- Date: 22–27 May
- Edition: 1st
- Surface: Clay
- Location: Skopje, North Macedonia

Champions

Singles
- Máté Valkusz

Doubles
- Petr Nouza / Andrew Paulson
| Macedonian Open |

= 2023 Macedonian Open =

The 2023 Macedonian Open was a professional tennis tournament played on clay courts. It was the 1st edition of the tournament which was part of the 2023 ATP Challenger Tour. It took place in Skopje, North Macedonia between 22 and 27 May 2023.
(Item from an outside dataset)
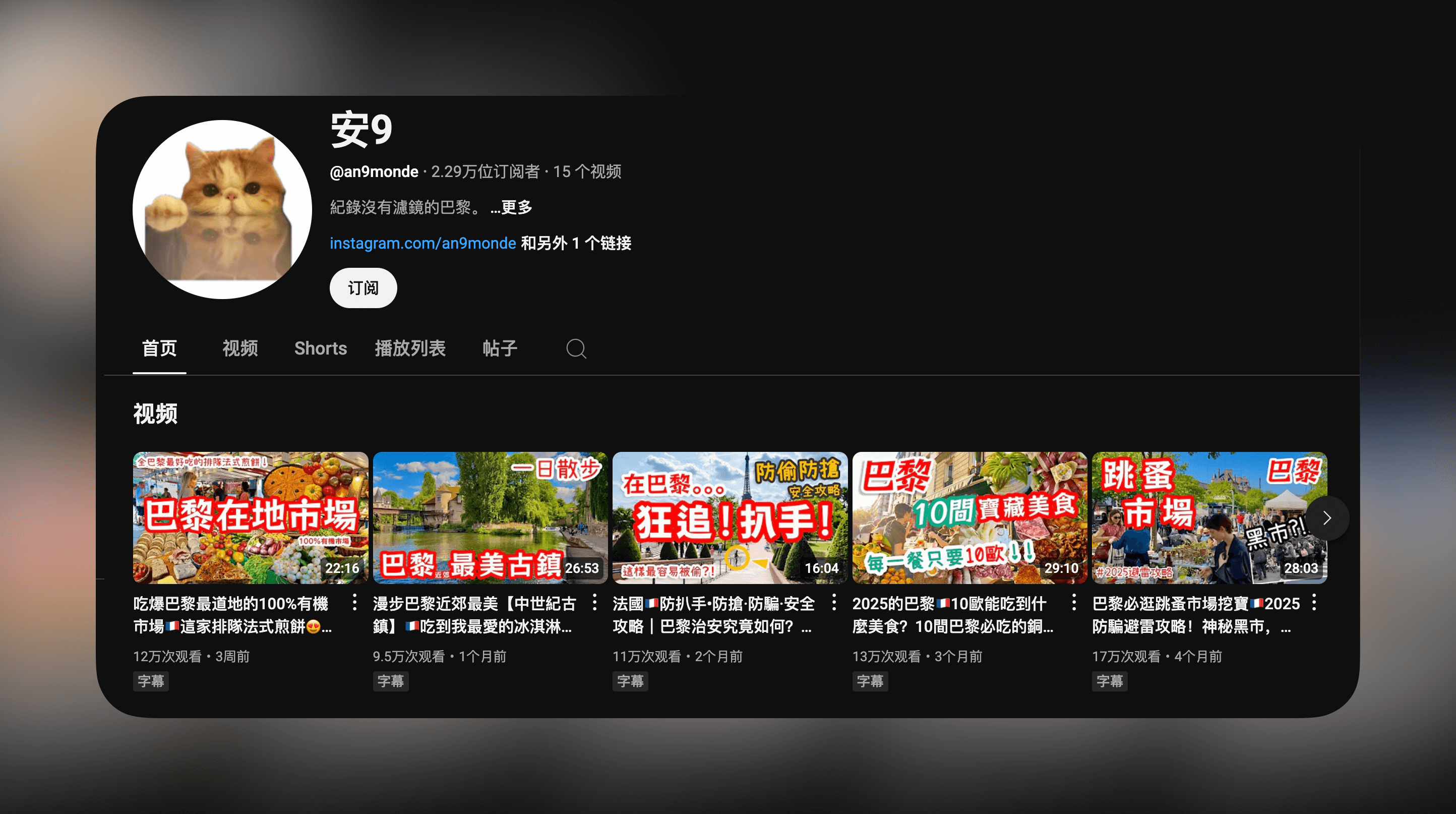最近我们在看一位在法国巴黎的 Youtuber: 安 9

==Singles main-draw entrants==
===Seeds===

| Country | Player | Rank^{1} | Seed |
|---|---|---|---|
| TUN | Aziz Dougaz | 232 | 1 |
|  | Evgeny Donskoy | 242 | 2 |
| BRA | Matheus Pucinelli de Almeida | 246 | 3 |
| SWE | Dragoș Nicolae Mădăraș | 248 | 4 |
| ARG | Francisco Comesaña | 252 | 5 |
| ARG | Román Andrés Burruchaga | 253 | 6 |
| LIB | Benjamin Hassan | 261 | 7 |
| SRB | Miljan Zekić | 266 | 8 |

- ^{1} Rankings are as of 8 May 2023.

===Other entrants===
The following players received wildcards into the singles main draw:
- MKD Kalin Ivanovski
- CZE Andrew Paulson
- CRO Mili Poljičak

The following players received entry into the singles main draw as alternates:
- ROU Filip Cristian Jianu
- CRO Dino Prižmić
- BRA Eduardo Ribeiro

The following players received entry from the qualifying draw:
- POL Karol Drzewiecki
- POL Maks Kaśnikowski
- BRA Wilson Leite
- IND Sumit Nagal
- HUN Máté Valkusz
- ITA Alexander Weis

==Champions==
===Singles===

- HUN Máté Valkusz def. ARG Francisco Comesaña 6–3, 6–4.

===Doubles===

- CZE Petr Nouza / CZE Andrew Paulson def. IND Sriram Balaji / IND Jeevan Nedunchezhiyan 7–6^{(7–5)}, 6–3.